The City Wants Housing For The Homeless. A Nonprofit Wants To Keep Its Playground. Who Wins?
A conflict over a parcel of land in Echo Park is pitting the city against a local nonprofit organization.
The dispute stems from a small plot located behind the offices of El Centro del Pueblo, an organization that works to mitigate the effects of gang violence on communities and young people. The 27,425 square foot area, which El Centro del Pueblo leases from the city on a month-to-month basis, currently includes a basketball court, handball court and volleyball court.
Two years ago, the city conducted an assessment to identify properties that could be redeveloped or repurposed to house homeless people, according to Christine Peters, the policy director for Councilmember Mitch O'Farrell. El Centro del Pueblo is located in his district. More than 700 sites made the list, including the organization's playground and recreation area.
After deliberation, city officials selected the area for redevelopment.
According to Peters, the land was ultimately chosen because zoning regulations would allow a larger number of units to be constructed than other parcels in the district, and because those other parcels would be more costly to redevelop.
"We were tasked with [figuring] out which of our Echo Park parcels would be the most feasible for redevelopment at the least cost," said Peters. "We had to do a cost-benefit analysis... The obvious choice became this particular lot."
Helen Sanchez, a spokeswoman for El Centro del Pueblo, said the courts provide a safe space for kids and teenagers in the neighborhood to hang out. Because the organization's offices abutt the recreation area, she added, trained staff can monitor the children, some of whom have emotional issues.
For that reason, she said, recreating that space isn't as easy as "you can build another playground, no big deal."
At Wednesday's City Council meeting, demonstrators who want to save El Centro del Pueblo's recreation area made it clear that they support more housing for the homeless in their neighborhood, but they wondered why it couldn't be on a different lot.
"I'm here to urge you not to take services away from one vulnerable population to serve another vulnerable population," said one demonstrator during public comment.
City officials say they will do their best to rebuild the basketball court and other amenities on which El Centro del Pueblo relies. Peters said that attempts to involve representatives from the organization in deciding which parts will be rebuilt have been rebuffed.
"We keep asking them for input on what's important for them [but] they refuse to participate in the conversation," she said. "All they are telling us now is they don't want us to do it."

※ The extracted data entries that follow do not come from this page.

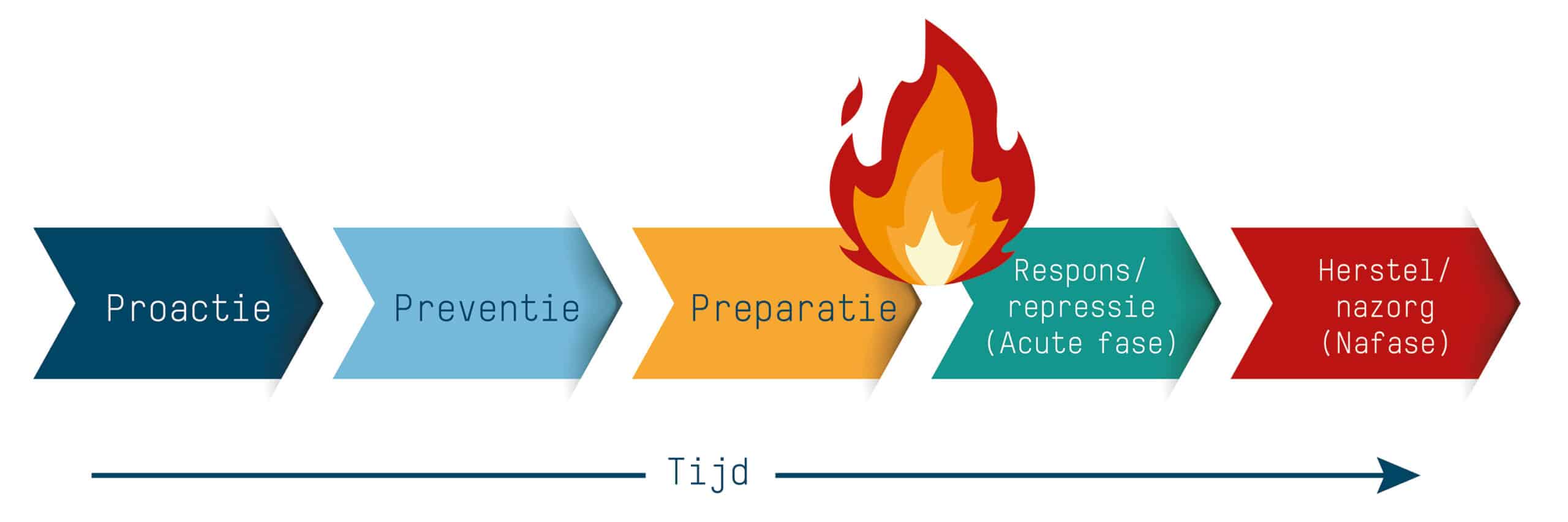 In figuur 1 is de veiligheidsketen weergegeven. Te zien is hoe oog voor risico’s (proactie) wordt gevolgd door maatregelen om risico’s te beheersen (preventie) en capaciteit op te bouwen voor als het mis mocht gaan (preparatie). Zodra de ramp zich voltrekt, zal de inzet in de acute fase gericht zijn op het bestrijden en indammen van de dreiging (respons/repressie).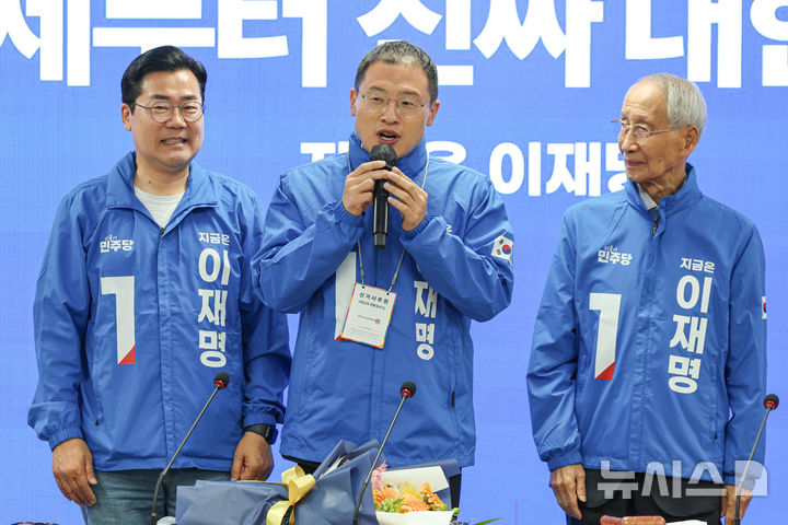 共に民主党の選挙運動ジャンパー着る金相旭議員 /ソウル(3/9)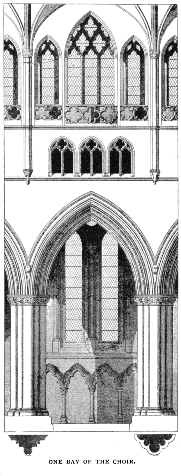 As the choir never had a groined ceiling there was no necessity for flying buttresses, and their absence gives the clerestory a very monotonous flat effect. This is further intensified by the window tracery being level with the wall, the architraves having no depth of moulding round them.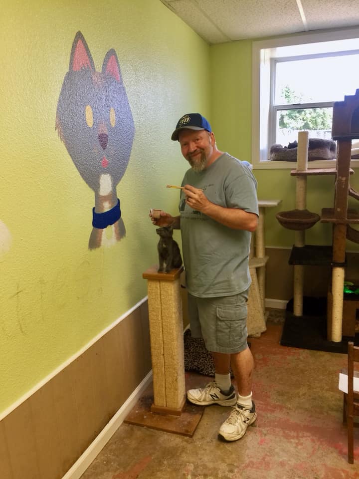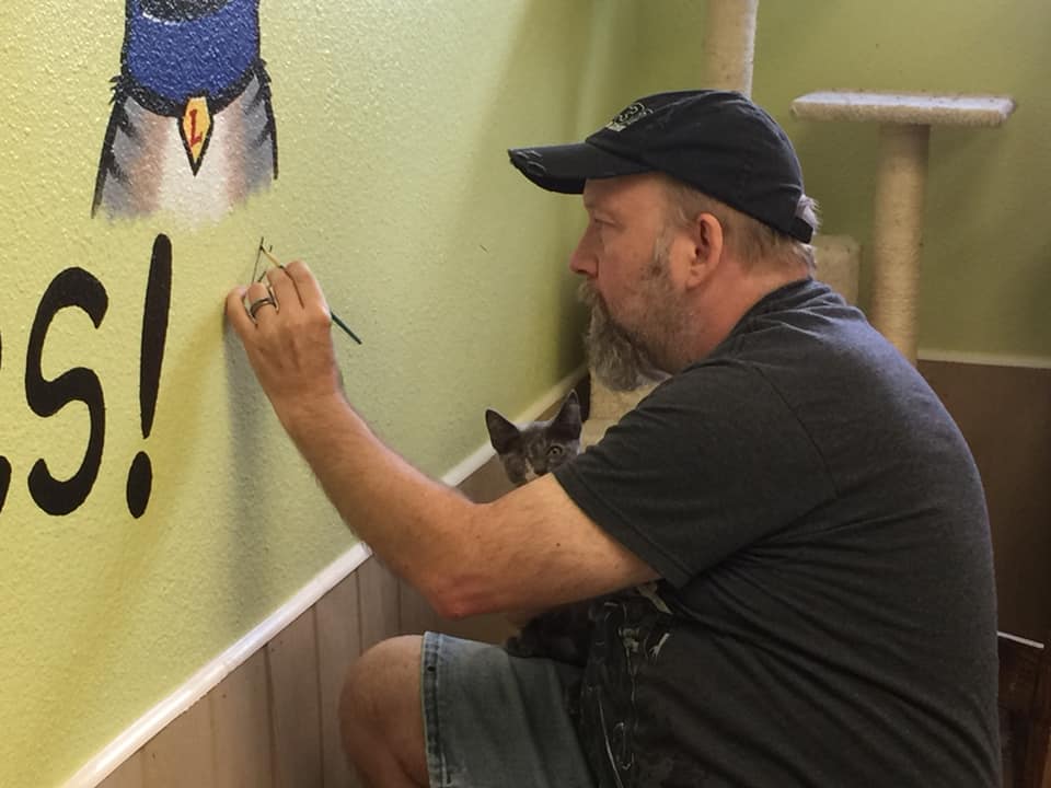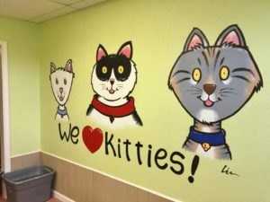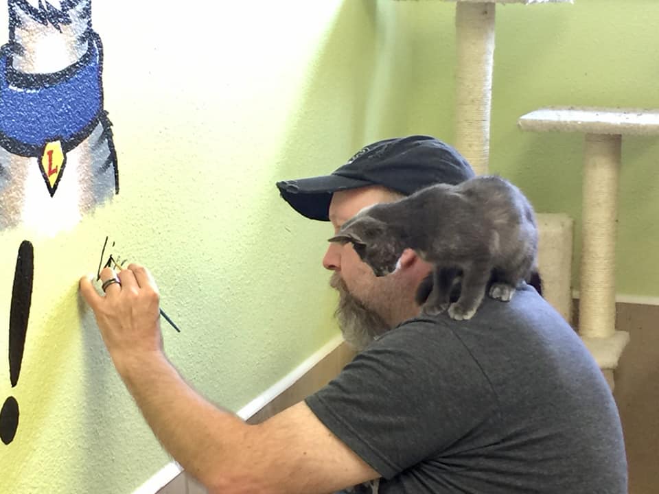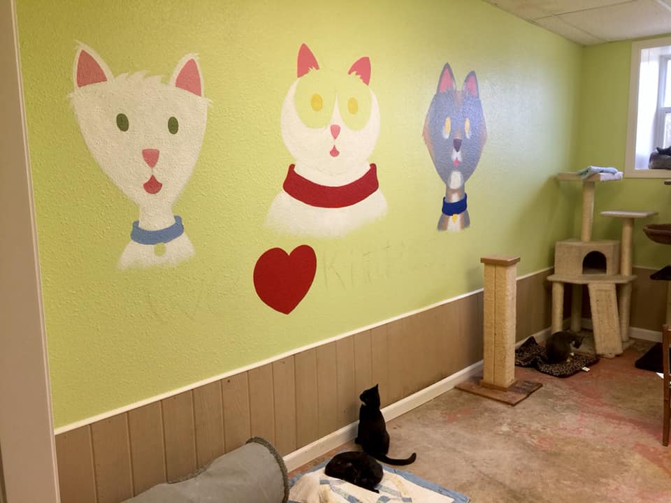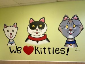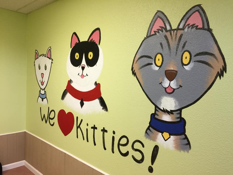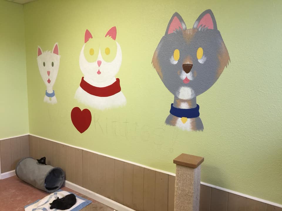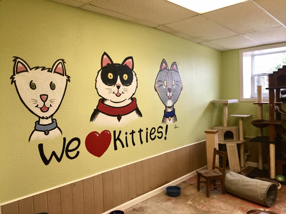 The director of this no-kill animal shelter had posted on Facebook that they were looking for any artists interested in helping paint any murals in their recently expanded cat room. My sister-in-lay Teresa tagged me in a reply. I responded, and made arrangements to make the trek down to Tunica. Thanks to the casinos being down there, the roads are much better these days and the trip doesn’t really seem any longer than my normal trip to work each day- actually there was a lot less traffic.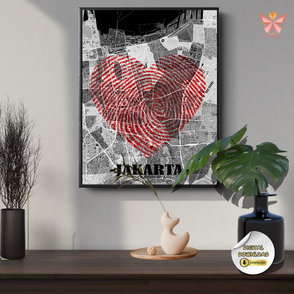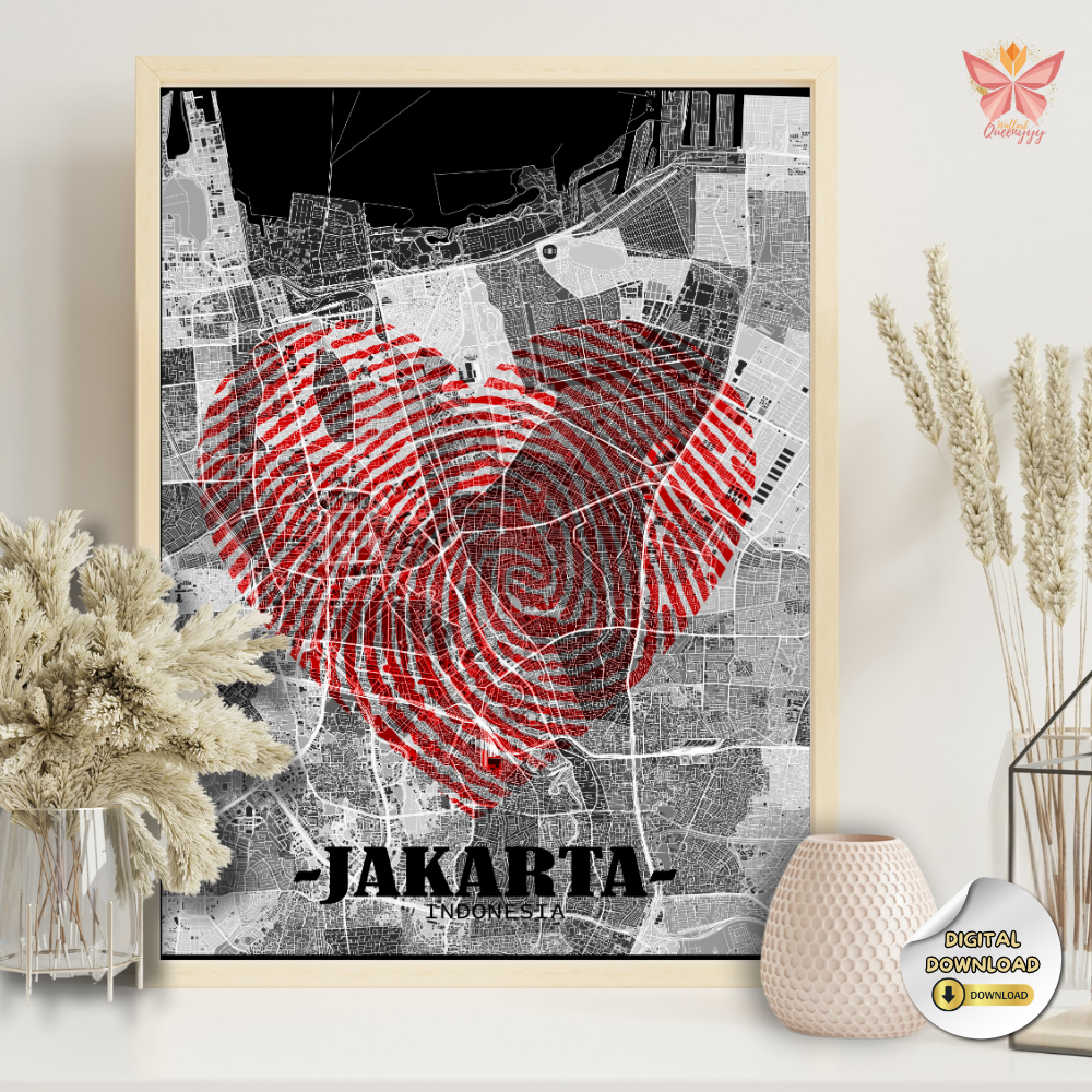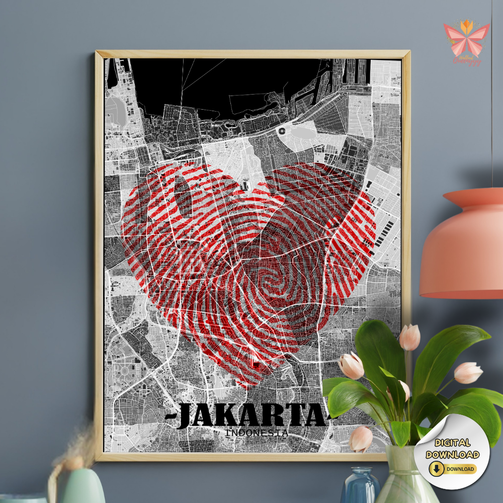 Jakarta Love Map Wall Art – Red Fingerprint Heart City Design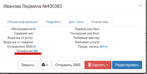 - в разделе «Статистика», нажав на значение поля «Телефония»;

Sanchez, meanwhile, said that the city's approach has been "a non-starter."
"It's just kind of like, 'This is going to happen, figure out what you want,'" she said. "And that's not acceptable."
According to representatives from O'Farrell's office, the city will begin soliciting proposals for the new building in September. Meanwhile, representatives at El Centro del Pueblo hope to be able to meet with O'Farrell.
"They want to sit down with him personally," said Sanchez, "and have a discussion."